Nice to know the speed of your memory, but it's much more important to know the capacity of your memory. You can use Link Partitioner and Link Collector stages to split your data stream into parallel streams that can be processed in separate processes, using (mandatorily) inter-process row buffering to establish communication between processes. You may even be able to design parallelism completely using multi-instance jobs, assuming there is no necessarily sequential stage (such as writing to a text file) in the design.

venkatesan · Post by **venkatesan** » Fri Dec 31, 2010 1:27 pm

We have more than 1000 jobs. Is that any other way to increase the performance of these jobs by without redesigning job.

ray.wurlod · Post by **ray.wurlod** » Fri Dec 31, 2010 2:58 pm

Run fewer jobs at once? Really one can not offer advice because we have no information at all about resources demanded by your jobs, resources available on your system, where any bottlenecks might be occurring, which jobs are scheduled to run simultaneously, and so on. The only information we have is your unwillingness to effect changes to jobs that might help. You could try simply enabling inter-process row buffering (yes, that's a change).

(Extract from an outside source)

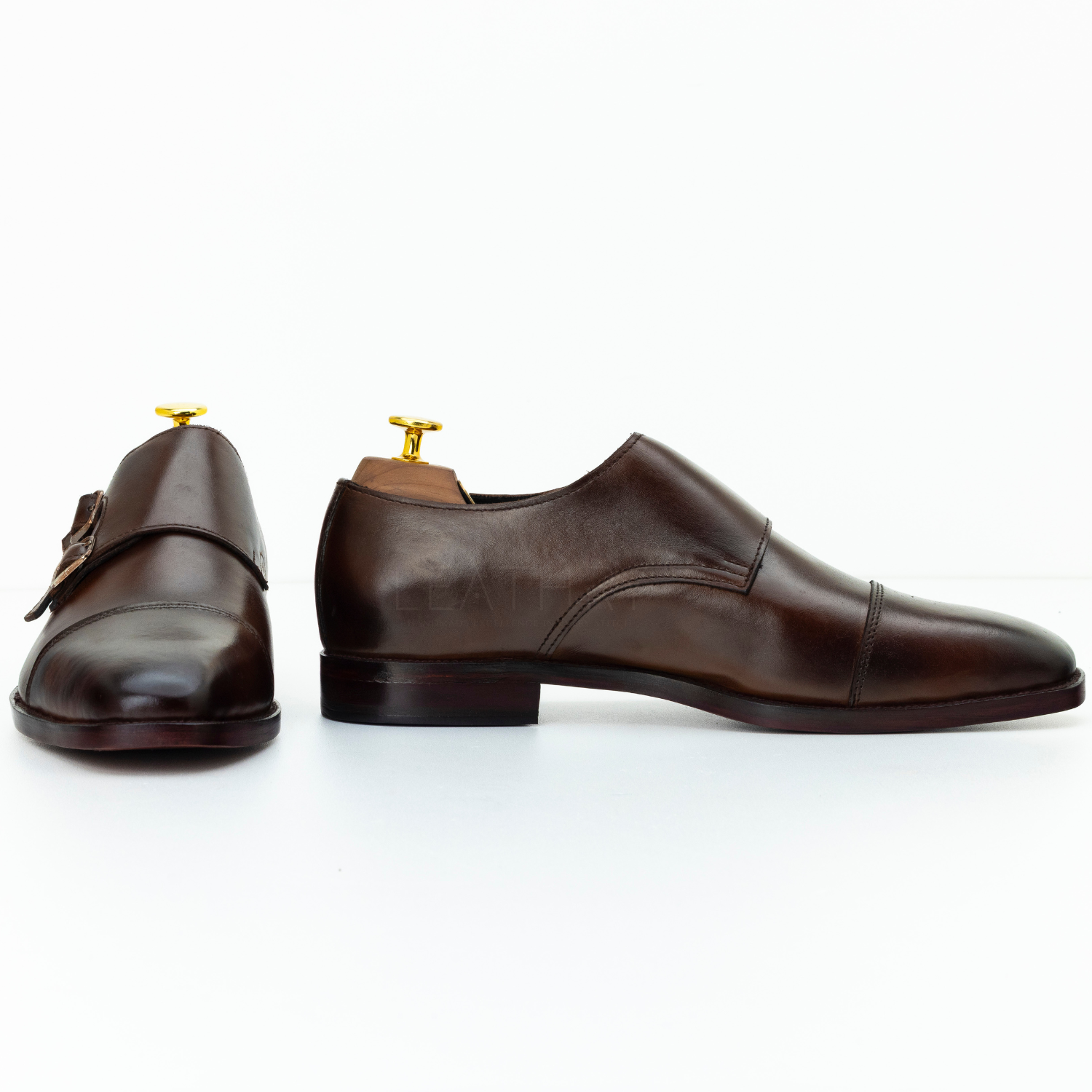 Product Name: The Florent | Dark Brown Double MonkMaterial: 100% Genuine Calf LeatherColor: Dark Brown BurnishedToe Type: Square ToeClosure: Double Monk StrapSole: Goodyear Welted Leather SoleHeel: Leather & Wood Stacked HeelLining & Insole: 100% Soft Calf LeatherStyle: Double buckle with straight cap toeHandmade: Yes, by skilled artisans

venkatesan · Post by **venkatesan** » Sat Jan 01, 2011 12:03 am

Thanks ray. We are using EPM for our Peoplesoft ERP. This is a custom warehouse delivered by Peoplesoft. Its using datastage 7X for all ETL. Since its delivered mart, with all builtin job. It will be hard for us to change all the jobs, also it has more than 1000 jobs. Only change we can do is in the project level not in the job level.

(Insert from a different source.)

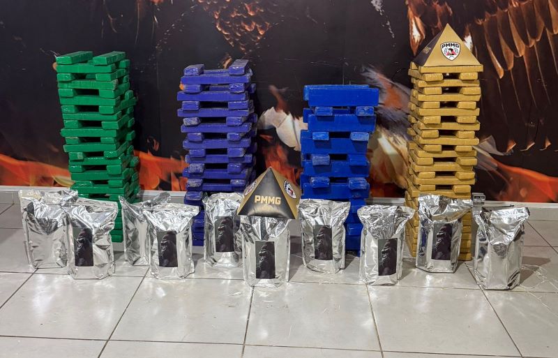 Durante busca veicular, foi localizada grande quantidade de drogas distribuídas no interior do automóvel: foram apreendidas 180 barras de substância análoga à maconha, 10 sacos contendo substância análoga à flor de maconha, R$ 590,00 em moeda corrente e quatro telefones celulares. Diante dos fatos, foi dada voz de prisão aos suspeitos, sendo encaminhados à delegacia de plantão. O veículo Vw/Polo branco foi removido ao pátio credenciado.

How to calculate resource demand for jobs?

How to increase the number of records processed per second, right now a simple one to one copy is taking 40 minutes to process 3 million data?
Job design is simple Source DRS Stage --> Transformer --> Target DRS Stage
Database is Oracle 11g(both).

India2000 · Post by **India2000** » Sat Jan 01, 2011 1:07 pm

use Link partitioner and link collector stage

ray.wurlod · Post by **ray.wurlod** » Sat Jan 01, 2011 3:00 pm

Your unwillingness to change is severely limiting your options. Did you try simply enabling inter-process row buffering as I suggested?

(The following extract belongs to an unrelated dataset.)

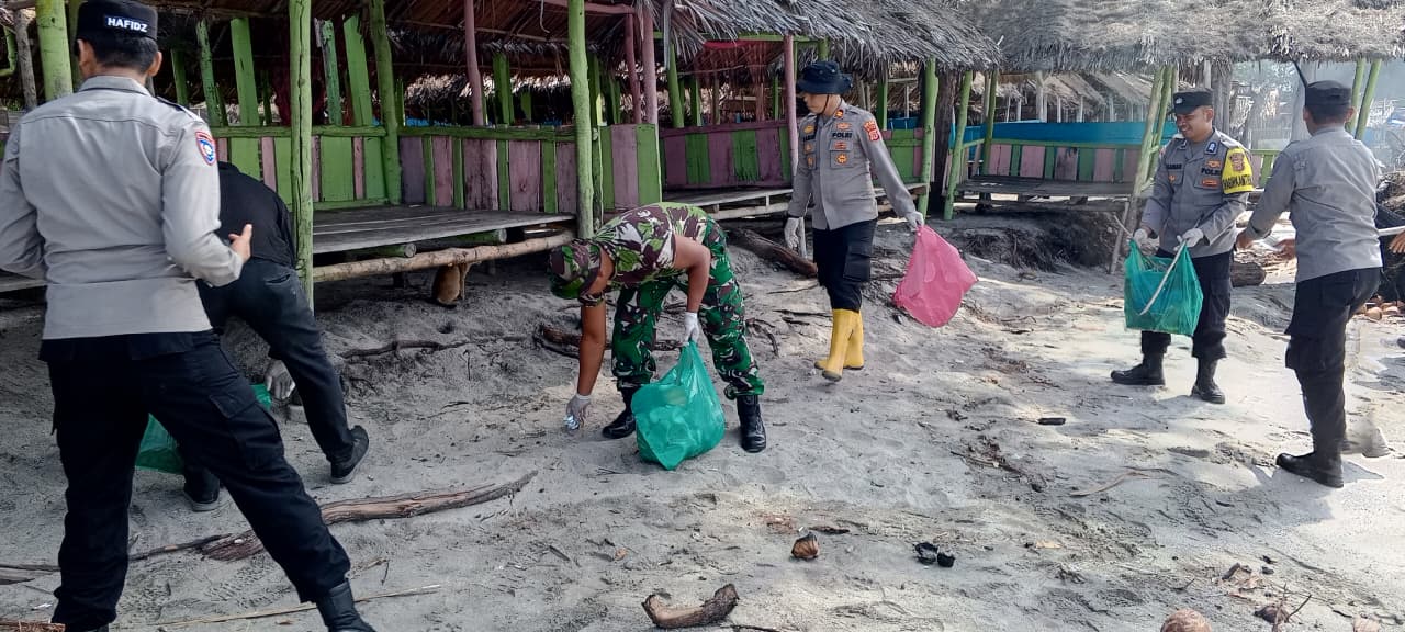 Kegiatan tersebut melibatkan personel Polres Aceh Singkil, anggota TNI, aparatur pemerintah daerah, serta warga sekitar yang secara bersama-sama membersihkan sampah plastik, ranting kayu, dan limbah lainnya yang berserakan di sepanjang bibir pantai.

Create some jobs to determine where the bottleneck is. For example:

Code: Select all

DRS --->  Transformer --->  SeqFile

with a constraint of @FALSE in the Transformer stage will show you the potential read speed that you could get were you not writing to a target. Remove the constraint to learn how fast the job can run writing to a text file rather than to Oracle. Experiment.

PaulVL · Post by **PaulVL** » Tue Jan 04, 2011 8:48 am

If you cannot make modifications to your jobs you must identify what is the underlying bottleneck of your situation.

A) Look at the performance of your server during your slowness.
- This will indicate if you are limited on actual CPU or Memory on your engine tier.
- Increasing the CPU Cores on your server may help ( remember that you have to increase your DS Licensing).
- Increasing the memory on your server does not cost you extra product licensing.

B) Identify the sources of your data and look to see if they are saturated.
- Are you limited in your ability to extract or incert your data to your databases.
- If your jobs land data to disk, and you have slow disk technology, seek to improve it.

C) Look to improve your scheduling.
- Delaying a job by ten or twenty minutes may increase your job performance. You don't want to submit 1000 jobs all at once.

D) What other processes could be executing on the server that could be disabled?
- Hopefully this is a dedicated DataStage Server and no other tasks are executing that may chew up your precious CPU cycles.